As these examples suggest, configurational analysis complicates a linear, monodirectional, diffusionist narrative, seeing instead multiple relations of adaptation and co-dependence. However, this is not to say that such relations were ‘flat’. Configurational analysis also allows for differential power relations, ranging from the relationship between power and knowledge to the symbolic resources that emerge from social positions within a given field of power. Both find correlates in the politics of disciplinary knowledge in IR. In this paper, I am mostly concerned with the relational production of hierarchy. As Mustafa Emirbayer puts it:

Inequality comes largely from the solutions that elite and nonelite actors improvise in the face of recurrent organizational problems – challenges centering around control over symbolic, positional, or emotional resources. These solutions, which involve the implementation of invidious categorical distinctions, resemble ‘moves’ in a game, or perhaps even attempts to change the rules of a game.Footnote 32

Resources may be hoarded, access to particular networks policed, or practices perpetuated that regulate access to those resources or networks. Through such practices, categorical distinctions become naturalized and reaffirmed.Footnote 33

These power–laden relational accounts of knowledge formation allow us to see hierarchies of knowledge. These hierarchies come from somewhere; they emerge and develop through practices of reaffirmation and subversion. This understanding offers an alternative to a boundary-policing view of concepts such as the ‘international’, seeing them not as consisting of fixed essences but rather as multiply realized within particular times and spaces, corresponding to particular agents, their claims to epistemic authority, and the historical contexts within which they are embedded.Footnote 34 In what follows I apply these approaches to the development of the IR discipline in India.

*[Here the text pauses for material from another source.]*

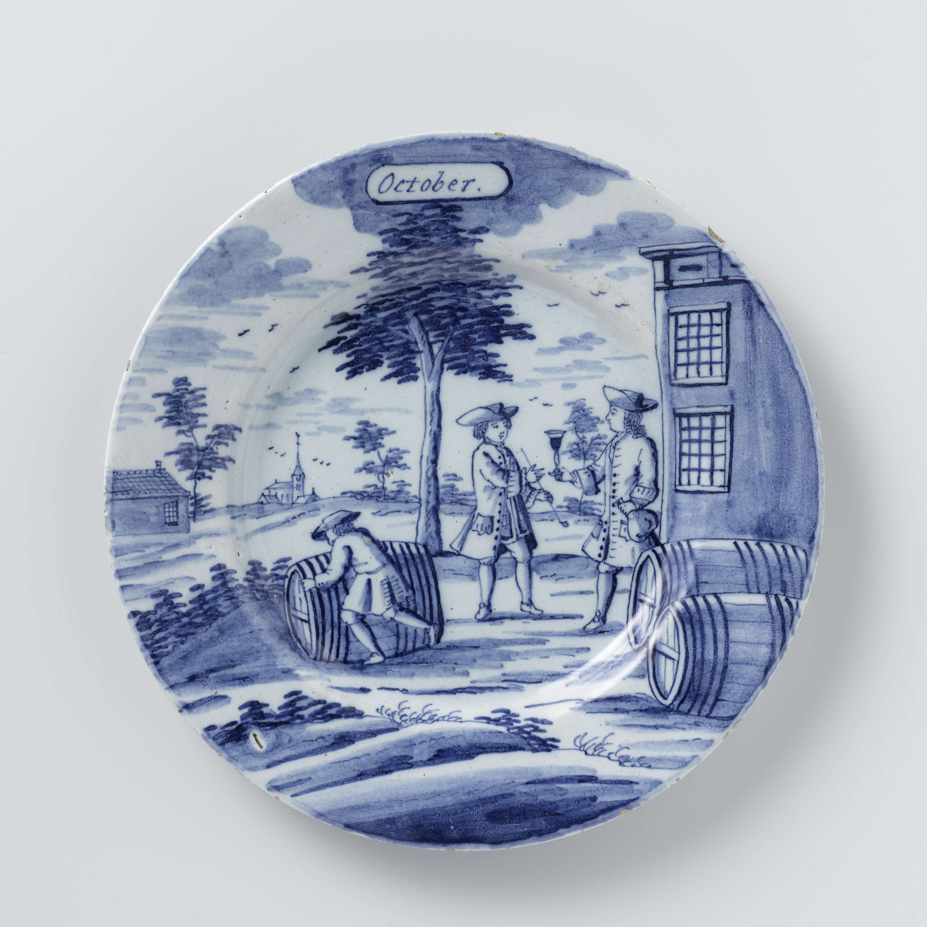 Bord van faience, uit de serie de 12 maanden. Voorstellende de maand oktober. Afgebeeld is: de wijnoogst, met de tekst: October. (Nederlands)

Empire, knowledge, and counter-knowledge

One of the major insights of recent revisionist disciplinary histories of IR has been the centring of imperial and colonial knowledge-gathering in the creation of early disciplinary formations.Footnote 35 These forms of knowledge guided the conduct of imperial statecraft and the administration of colonial states, helping to forge the early social sciences as a project of colonial modernity. If IR began in part as a discipline tasked with informing practices of colonial administration, then colonial knowledge was one of its principle empirical referents.

Generating such knowledge were both public and private actors. In the case of India, learned societies such as the Asiatic Society of Bengal (ASB) played a key role. These institutions exhibited heterogeneous disciplinary practices. Within the ASB, history, philology, anthropology, ethnography, linguistics, numismatics (the study of coins), and the study of ancient texts helped to deduce the composition of South Asian polities, their cultural histories, societal practices, and relations with neighbouring polities: a form of colonial-era area studies avant la lettre. This was not simply detached scholarship. Many European members held positions within the East India Company and colonial civil service, some using their official duties as a research opportunity. Institutions such as the Royal Geographical Society and the United Services Institute of India produced ‘useful knowledge’ in a more obvious fashion for the military and foreign departments of the colonial state.Footnote 36 These societies also operated within an expanding global network of intellectual connectivity. The ASB exchanged publications with over 60 societies across the globe, including London, Vienna, Washington, Buenos Aires, Batavia (Jakarta), and St Petersburg.Footnote 37 Similar societies were established in Japan, China, and elsewhere highlighting the connected beginnings of early disciplinary pursuits, part of a global complex of imperial knowledge production.Footnote 38

Exchanges between these institutions demonstrate relational configurations productive of emergent institutional and social forms. The growing specialization of knowledge gave rise to the term ‘expert’ in the 19th century and more clearly defined disciplinary boundaries.Footnote 39 Comparative philology, for instance, was pioneered by the ASB through recognition of the similarities between Latin, Greek, and Sanskrit. This precipitated a wider growth in systematic comparison across multiple disciplines throughout the 18th century, laying the foundations for comparative social science.Footnote 40

Learned societies also provided a site for knowledge translation, as European knowledge communities meshed with South Asian intellectual movements. Although overwhelmingly dominated by Europeans, from the mid-to-late-19th-century non-European scholars began to make their mark. Appointed in 1883, the first Indian President of the ASB, Rajendralal Mitra, was one of the several non-European members rooted in the intellectual milieu of the ‘Bengal Renaissance’ – a longer-standing intellectual tradition through which European orientalists would translate (literally and figuratively) indigenous texts. This relationship worked both ways. A wider ‘Indian’ philosophical renaissance was observed at this time in which South Asian scholars took advantage of connections with transnational knowledge communities, a process also seen in reformist traditions of Indian economic and liberal thought.Footnote 41 But this is not to downplay the hierarchies evident within these societies too. Many institutes were opposed to ‘native’ members. The ASB did not admit non-European members until 1829, whilst structural factors such as membership costs, time, and education provided important barriers.Footnote 42 Hierarchies of knowledge were also produced. The decision, for example, in the mid-1850s to dispense with an emphasis on Arabic texts, shifted focus from the Islamic history of South Asia towards Hindu Sanskrit texts, severing a more expansive conception of shared politico-religious space.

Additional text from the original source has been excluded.